Otherwise, an overlap amount "m" becomes small.
[0067] When the move timing of the instruction information is set
to be at a cycle "Xn-m'", a concrete demerit thereof is that
"m'.ltoreq.n-m", namely, "m+m'.ltoreq.n" when a period when the
information of the latch of the instruction information 2 is held
is focused as for the preceding instruction executing the composite
multi-cycle operation and the succeeding instruction executing the
composite multi-cycle operation. Namely, the minimum value of the
value of "n" becomes large, or the overlap amount "m" becomes
small.
[0068] Note that when the latch of the instruction information 1 is
focused, "n-m'.ltoreq.n-m", namely "m.ltoreq.m'". It is therefore
preferable to be "m=m'".
[0069] At the cycle X1 of the succeeding instruction performing the
composite multi-cycle operation, the instruction information 1 is
set at the latch as same as the preceding instruction executing the
composite multi-cycle operation. The instruction information 1 is
held for a period when the composite multi-cycle arithmetic
operation is executed. When the preceding instruction becomes the
cycle Xn, the arithmetic process finishes, and contents of the
latch holding the instruction information 2 moves to a latch
corresponding to a succeeding instruction process stage which is
not illustrated.
[0070] The "m" clock cycles between a cycle "Xn-m+1" to the cycle
Xn of the preceding instruction executing the composite multi-cycle
operation is executed while being overlapped with the arithmetic
process ("m" cycles after the cycle X1) of the succeeding
instruction executing the composite multi-cycle operation, and the
throughput of the arithmetic unit 28 is improved. For example, the
throughput when the instructions each using the composite
multi-cycle operation are continuously executed becomes "n/(n-m)"
times.
[0071] Next, a case when the succeeding instruction is an
instruction using the composite multi-cycle operation is described.
When the succeeding instruction is the multi-cycle arithmetic
instruction, the arithmetic latency is determined by the "k+m"
cycles before the arithmetic operation finish, and the arithmetic
operation finish pre-notice signal is notified at the cycle
"Xn-k-m" from the arithmetic unit control circuit 27 to the
instruction issuance control unit 26. The issuance suppression
signal setting unit 38 resets the issuance suppression signal to
"0" (zero) when the valid flag of the latch holding the instruction
information 1 indicates that the instruction is valid, the
instruction kind indicates that it is the instruction using the
composite multi-cycle operation, and the instruction state is at
the cycle "Xn-p-m". Here, a pre-and-post relationship of time
between the cycle Xn of the preceding instruction and the cycle
"Xn-p-m" of the succeeding instruction is indefinite.
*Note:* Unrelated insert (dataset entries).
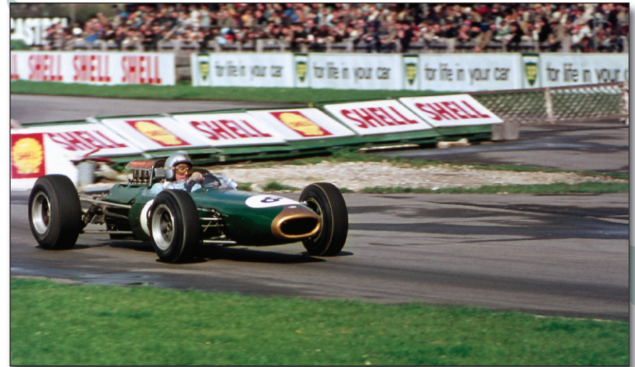
Jack Brabham in his characteristic cockpit style exits the chicane on a drying track.

Right: Keeping the driver and cockpit dry is the priority of the day.
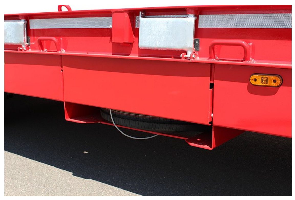
5 pairs of lashing points on the external frame
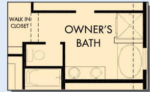
OPTIONAL SLIP IN TUB WITH SEPARATE SHOWER AT OWNER'S BATH
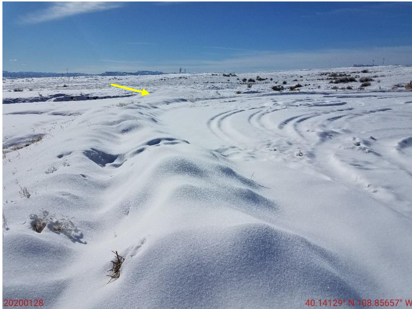
Photo 3: Photo taken from the east end of the location, facing south. Photos 3-6 provide an overview of the Location from south, southwest, northwest to north. Photos also show areas of the production area beyond the anchors that do not appear to be reasonably needed for production activities, and needs to be reclaimed in accordance with Rule 1003.b. Photo also shows soil stockpile on the southeast corner of the Location.
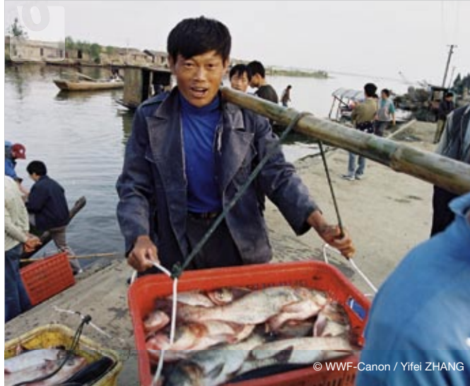
Fishing is a main livelihood on Zhangdu, site of consevation work supported by the WWF HSBC Yangtze Programme, Hubei Province, China.

In the past year, Chinese government authorities, with support from WWF, have taken steps toward developing an integrated basin management plan which would help stem the threat of pollution in the Yangtze. Integrated river basin management (IRBM) is vital to enable communities to restore the natural capacity of their watershed to 'treat' pollution. IRBM is a tool communities can use to balance development and conservation needs, such as whether to construct dams or diversions, which severely affect quality of water in a basin.
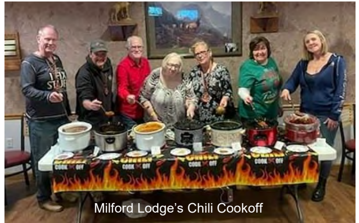
Milford Lodge's Chili Cookoff

Milford Lodge #1589 has been busy with line dancing each month. They had a Mardi Gras party with Trivia on February 10th. They are hosting a Night of Comedy fundraiser on April 27th. Also a Paint Party was held on March 3rd and then a Craft Show on March 9th. They have a lot of live music and are having an 80's party night. On February 17th, they hosted a Chili Cookoff. They continue to have recycled bottles and can drive each month.
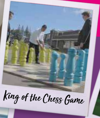
King of the Chess Game
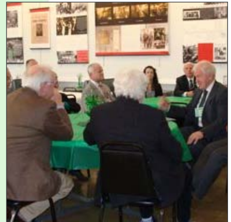
Jimmy Deenihan TD, Minister for Diaspora Affairs speaks to members of the Irish community at the ICHC this past March.

MAY 7, 2015 • ANNUAL ELECTIONS 6:30-7:30 PM MILWAUKEE MONTHLY MEMBERSHIP MEETING 7 PM Irish Cultural and Heritage Center (2133 W. Wisconsin Avenue)
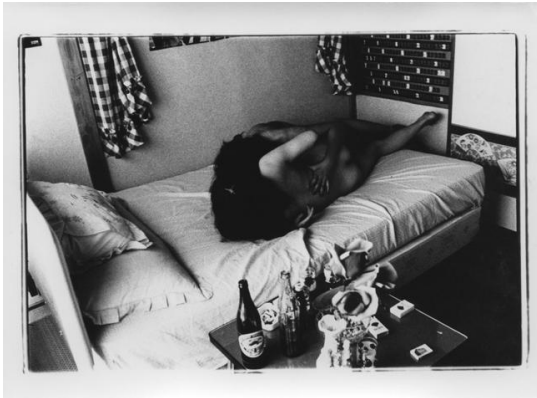
Nobuyoshi Araki "Theater of Love" c.1965 B & W Print print size: 12.1 x 16.4 cm
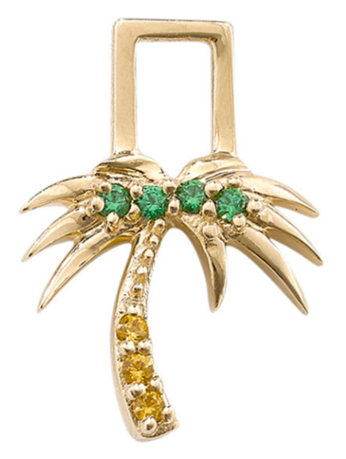
Palm Tree EarWish in 14k yellow gold with yellow sapphire and tsavorite, £315 ($437); <u>Robinson Pelham (https://www.robinsonpelham.com/fine-</u> <u>jewellery/palm-tree-earwish-yellow-sapphire/</u>)</u>

Jardin palm leaf earrings in 18k yellow gold with 1.05 cts. t.w. champagne diamonds, $4,850; <u>Syna Jewels (https://synajewels.com/products/jardin-palm-leaf-diamond-earrings? pos=1& sid=691837110& ss=r)</u>
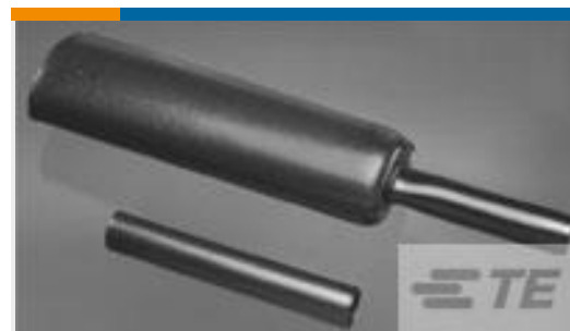
TE Part #782628-000 RMW-25/8-1200/ADH-0
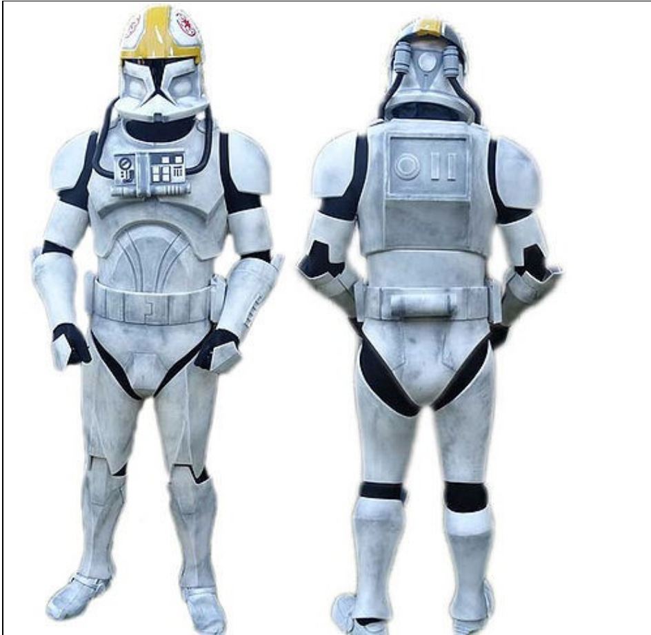
Model CP-8995 Ken Seymour
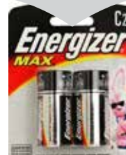
ENERGIZER BATTERY C2

PRICES SUBJECT TO CHANGE WITHOUT NOTICE APPLICABLE TAXES APPLY P.6
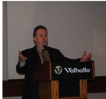
Hon. Michael Gravelle, Minister of North- ern Development and Mines
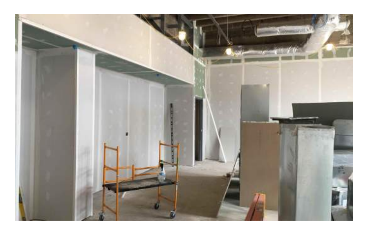
Drywall finishing Area A 3rd Floor
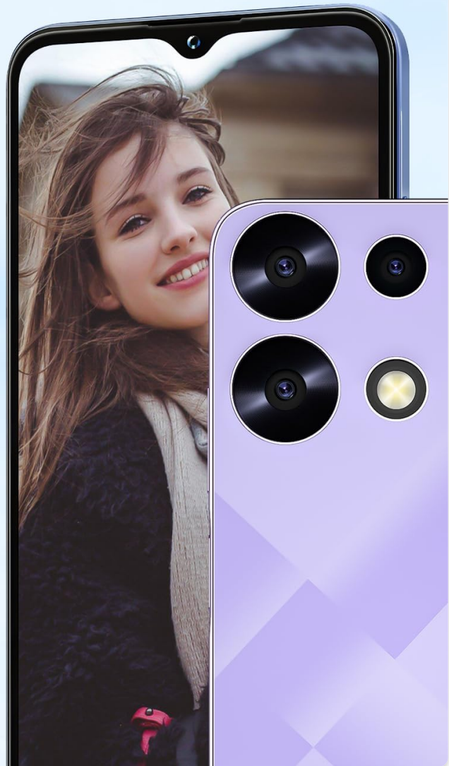
Image 5.1: Examples of photos taken with the KXD A10's rear and front cameras.
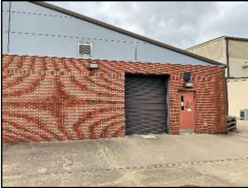
23 - B202 Exterior Tank Bay Doors
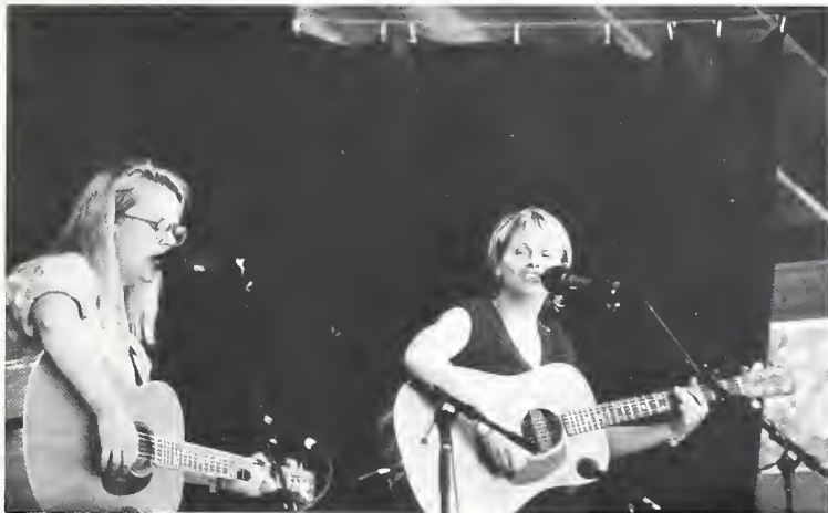
Mary Chapin Carpenter (l) was a surprise guest at this year's Telluride show. Carpenter joined buddy Shawn Colvin onstage to perform some of Colvin's new material.
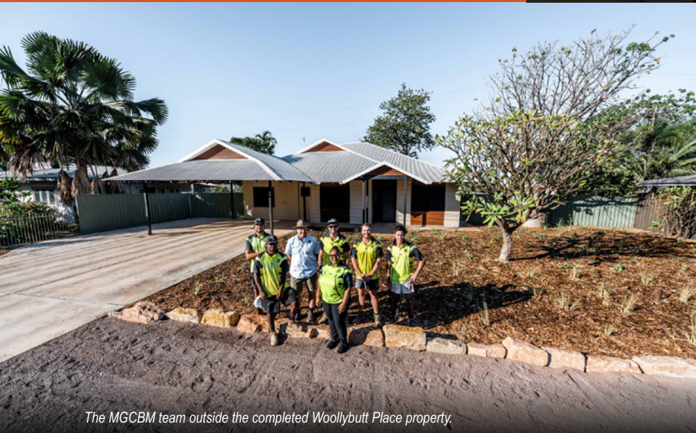
The MGCBM team outside the completed Woollybutt Place property.
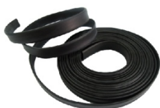
EPDM热缩管 EPDM heat shrink tubing
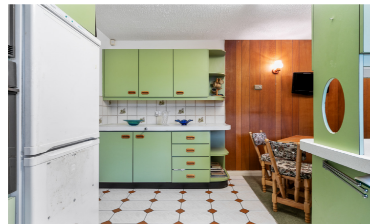
Kitchen and breakfast area
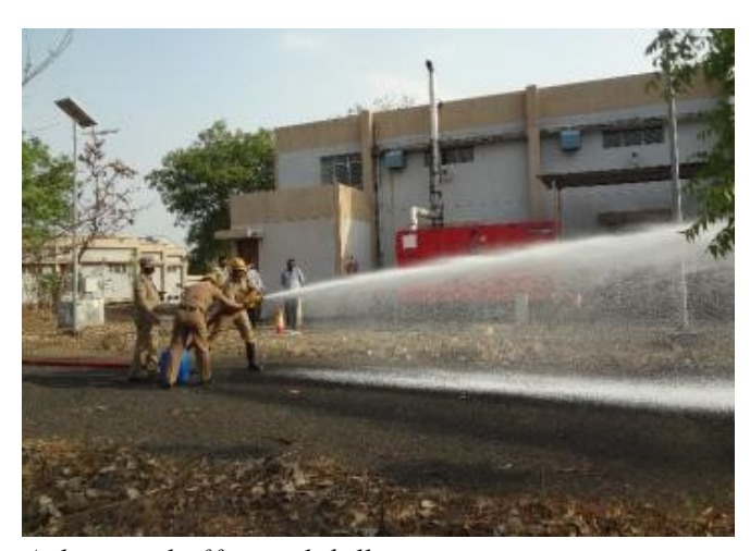
A photograph of fire mock drill.

Fire and Safety Cell is regularly conducting safety awareness and skill enhancement program for the crew members and also for RRCAT employees. In spite of COVID-19 pandemic, 85 RRCAT employees were trained in first aid fire-fighting training following COVID-19 protocol. Further, two fire mock drill were also conducted at RRCAT Central Complex substation (diesel generator sets) and oil storage yard of IRSU.
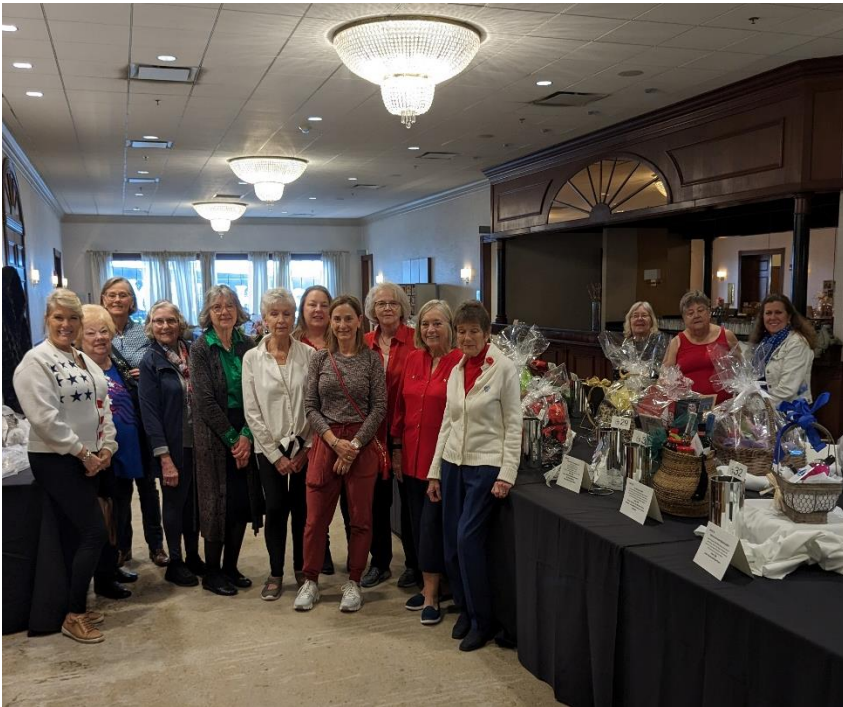
Pictured on the left, our volunteer members who prepared for the beautiful and memorable tribute to our Armed Forces. Pictured below are uniforms displayed from the Armed Forces.
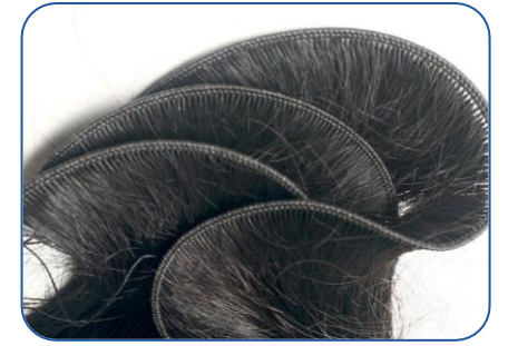
MINI MICRO WEFT – 3 THREAD
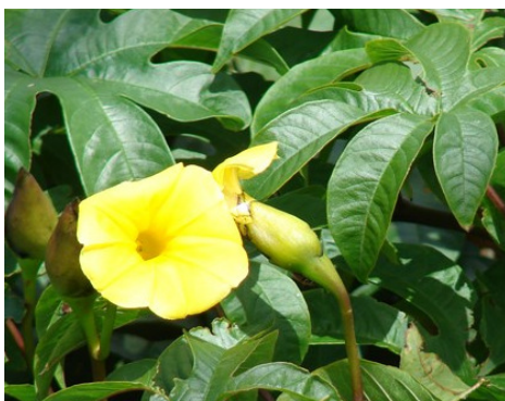
Figure-20: Ipomoea tuberosa .

[0072] When the valid flag of the latch holding the instruction
information 1 indicates that the instruction is valid, and the
instruction state is at the cycle "Xn-m", the contents of the latch
holding the instruction information 1 moves to the latch holding
the instruction information 2. The information of the preceding
instruction already moves away from the latch holding the
instruction information 2, and they do not collide. Here, when the
latches of the instruction information 1, 2 are held, a restriction
of "m<=n-m" is assumed.
[0073] FIG. 16 is a view illustrating a case when the preceding
instruction is a composite multi-cycle operation and the succeeding
instruction is a pure multi-cycle operation. The composite
multi-cycle operation of the preceding instruction is the same as
the preceding instruction in FIG. 15. The pure multi-cycle
operation of the succeeding instruction is the same as the pure
multi-cycle operation 81 in FIG. 8, and it is the unshared
multi-cycle operation in which the plural second staging latches 51
are held, the plural clocks are required for the transition of data
between the plural second staging latches 51, and the combinational
circuits 52 each positioning between the plural second staging
latches 51 are not shared by circuits of the arithmetic unit 28
used for another instruction. A timing chart in FIG. 16 is the same
as the timing chart in FIG. 15 until the cycle "Xn-k-m" of the
succeeding instruction. Hereinafter, points in which FIG. 16 is
different from FIG. 15 are described.
[0074] The succeeding instruction (pure multi-cycle operation) is
issued at a timing of the cycle "Xn-p-m+2" of the preceding
instruction executing the composite multi-cycle operation. In FIG.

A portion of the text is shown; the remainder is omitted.